§ Data listing
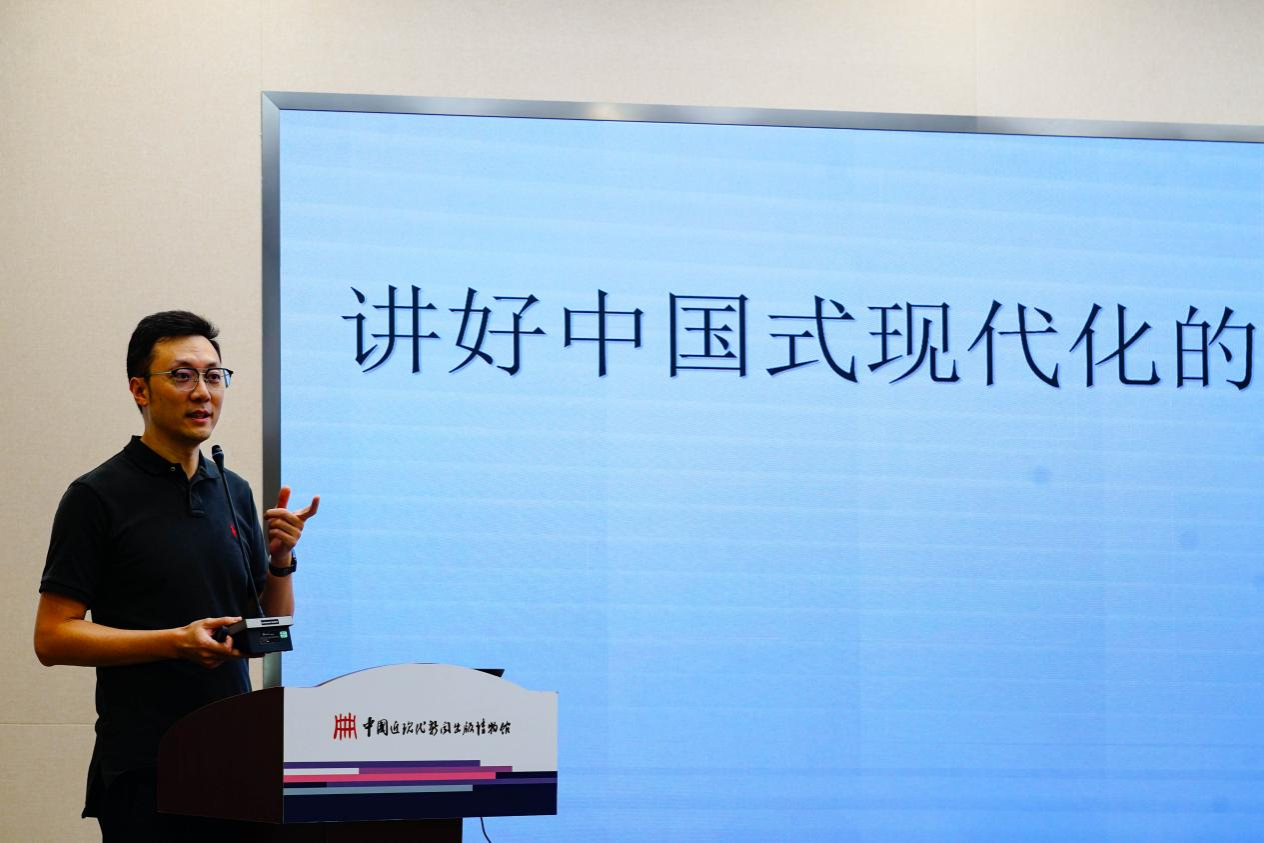 最后,馆校协同育人项目“初心讲堂”第一课开讲,由东方卫视知名主持人于飞老师讲授讲好中国式现代化的世界意义和时代故事。他从2022世界危机报告切入,提出当代青少年必须意识到自身使命责任之大。中国式现代化道路是中国应对世界性危机提出的中国方案,体现了中国智慧。作为新时代的新闻人,同学们应当利用好“媒体能力投射”、“媒介表达赋能”、“社会的互动”、“内容+业务”四方面讲好中国故事,肩负起“推进国际传播能力建设,讲好中国故事,展现真实、立体、全面的中国,提高国家文化软实力”的重任。
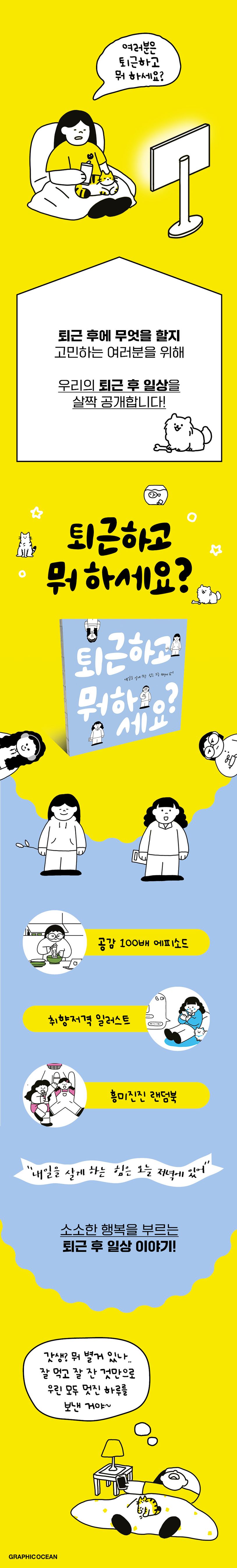 『퇴근하고 뭐 하세요?』는 퇴근 후의 일상을 소개하는 아트북입니다. 같은 회사에 다니지만, MBTI가 다른 아트북의 등장인물 4명은 각자 비슷한 듯 다른 퇴근 시간을 보냅니다. MBTI와 퇴근이라는 일상적인 소재를 활용해 다양한 연령대의 독자와 소통이 가능한 작품입니다. 어느 곳을 펼쳐도 평범한 듯 특별한 우리의 두 번째 일상을 체험할 수 있습니다.
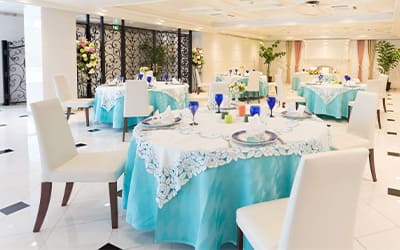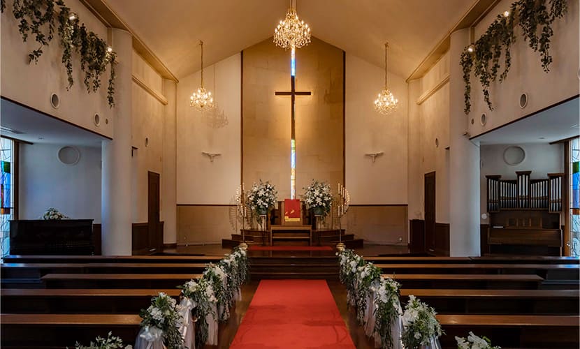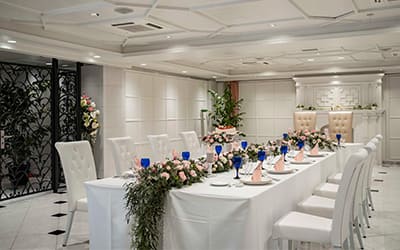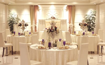 格式ある佇まいと温かさが調和する【岸和田グランドホール】では、チャペルでのセレモニーから、広々としたバンケットでのパーティーへと流れるように移動できる動線が設計されており、ゲストを第一に考慮したおもてなしと上質さを両立させた一日が実現できると人気です!
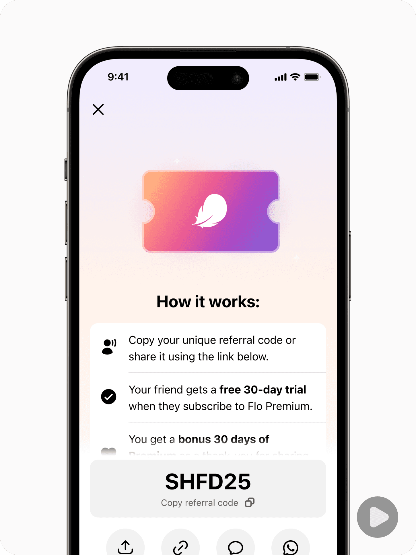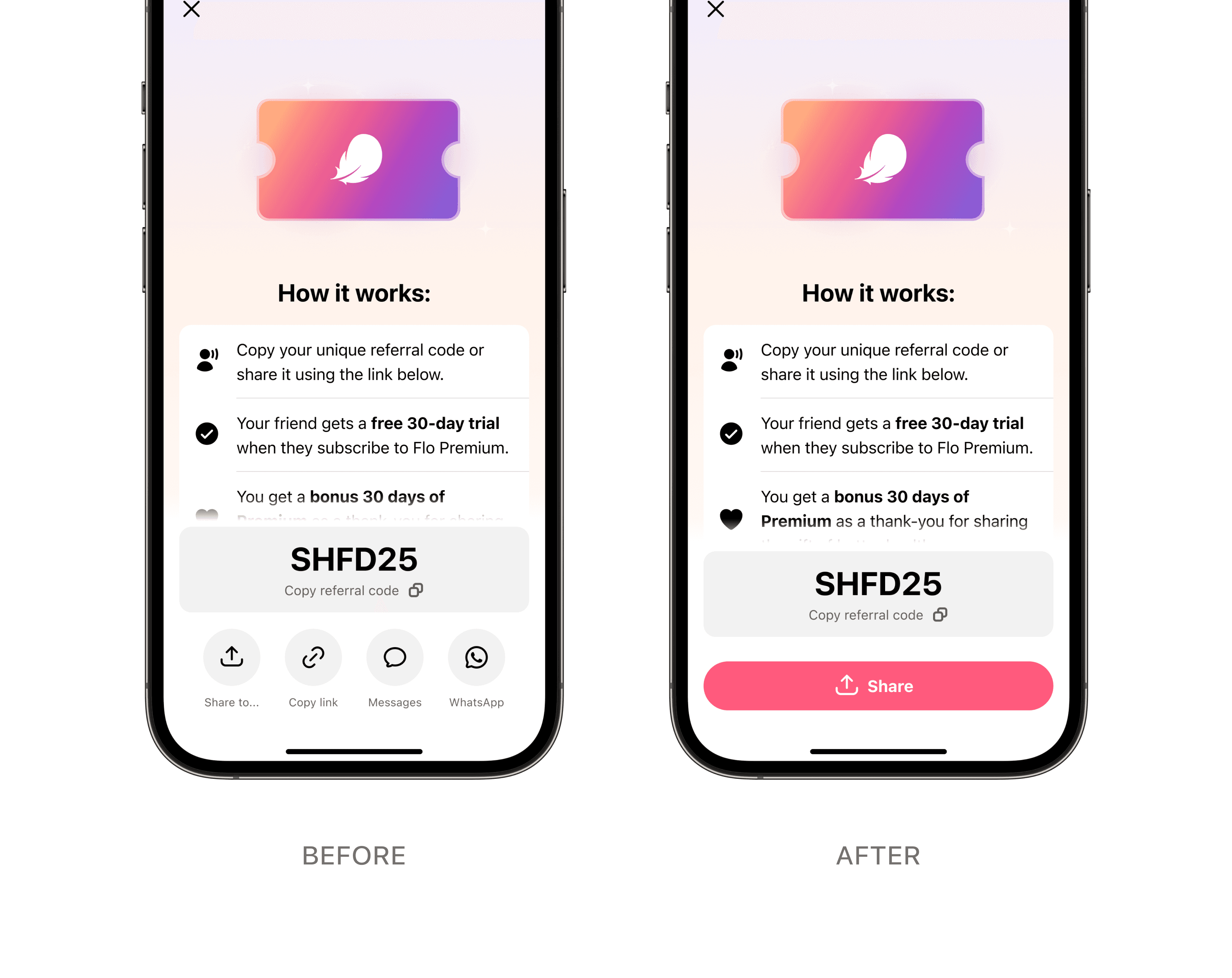 When the referral is claimed, both users get 30 days of Flo Premium free.
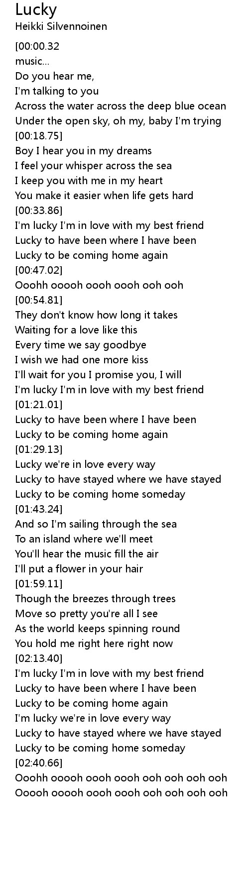 | [00:34.57] | I' m lucky I' m in love with my best friend |
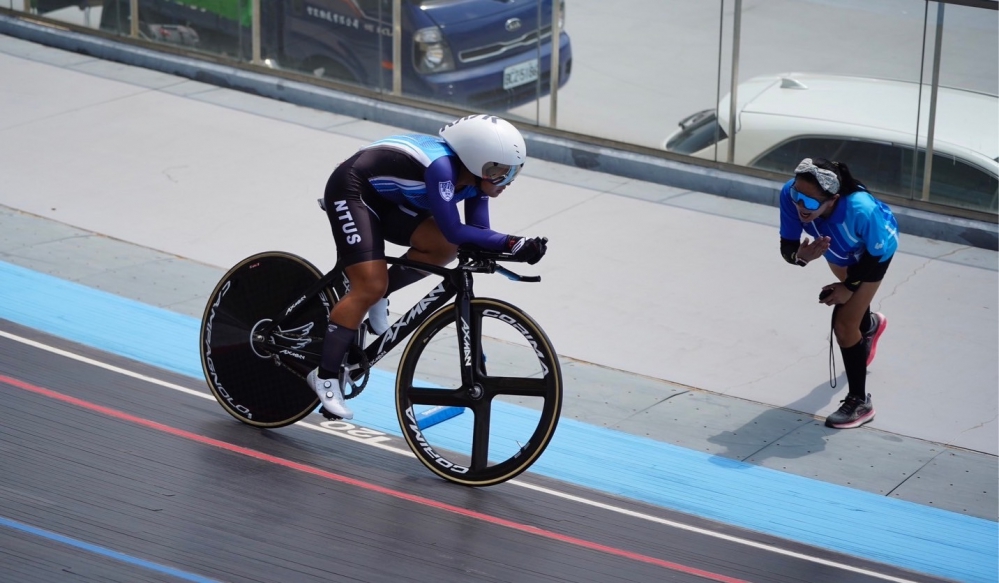 【記者林獻元台中報導】113年全國大專校院運動會在台中市立自由車場完成場地賽事,台中地主隊台體大展現絕佳實力,單日勇奪7金,迄今累計13金亮眼成績,台中好手張誌盛更在個人追逐賽締造三連霸佳績。台中市運動局長李昱叡表示,台中市長盧秀燕近年致力發展自由車運動,挹注資源支持培訓,李局長也感謝台中自由車隊全體選手及教練團結一心,同時鼓勵選手在明日公路個人賽再創歷史佳績。

§ What needs to be done
From the line with "체험할 수 있습니다." up to and including the line with "best friend |" above, retype every line exactly and nothing more; leave out the pictures.

§ Solution to this task
 『퇴근하고 뭐 하세요?』는 퇴근 후의 일상을 소개하는 아트북입니다. 같은 회사에 다니지만, MBTI가 다른 아트북의 등장인물 4명은 각자 비슷한 듯 다른 퇴근 시간을 보냅니다. MBTI와 퇴근이라는 일상적인 소재를 활용해 다양한 연령대의 독자와 소통이 가능한 작품입니다. 어느 곳을 펼쳐도 평범한 듯 특별한 우리의 두 번째 일상을 체험할 수 있습니다.
 格式ある佇まいと温かさが調和する【岸和田グランドホール】では、チャペルでのセレモニーから、広々としたバンケットでのパーティーへと流れるように移動できる動線が設計されており、ゲストを第一に考慮したおもてなしと上質さを両立させた一日が実現できると人気です!
 When the referral is claimed, both users get 30 days of Flo Premium free.
 | [00:34.57] | I' m lucky I' m in love with my best friend |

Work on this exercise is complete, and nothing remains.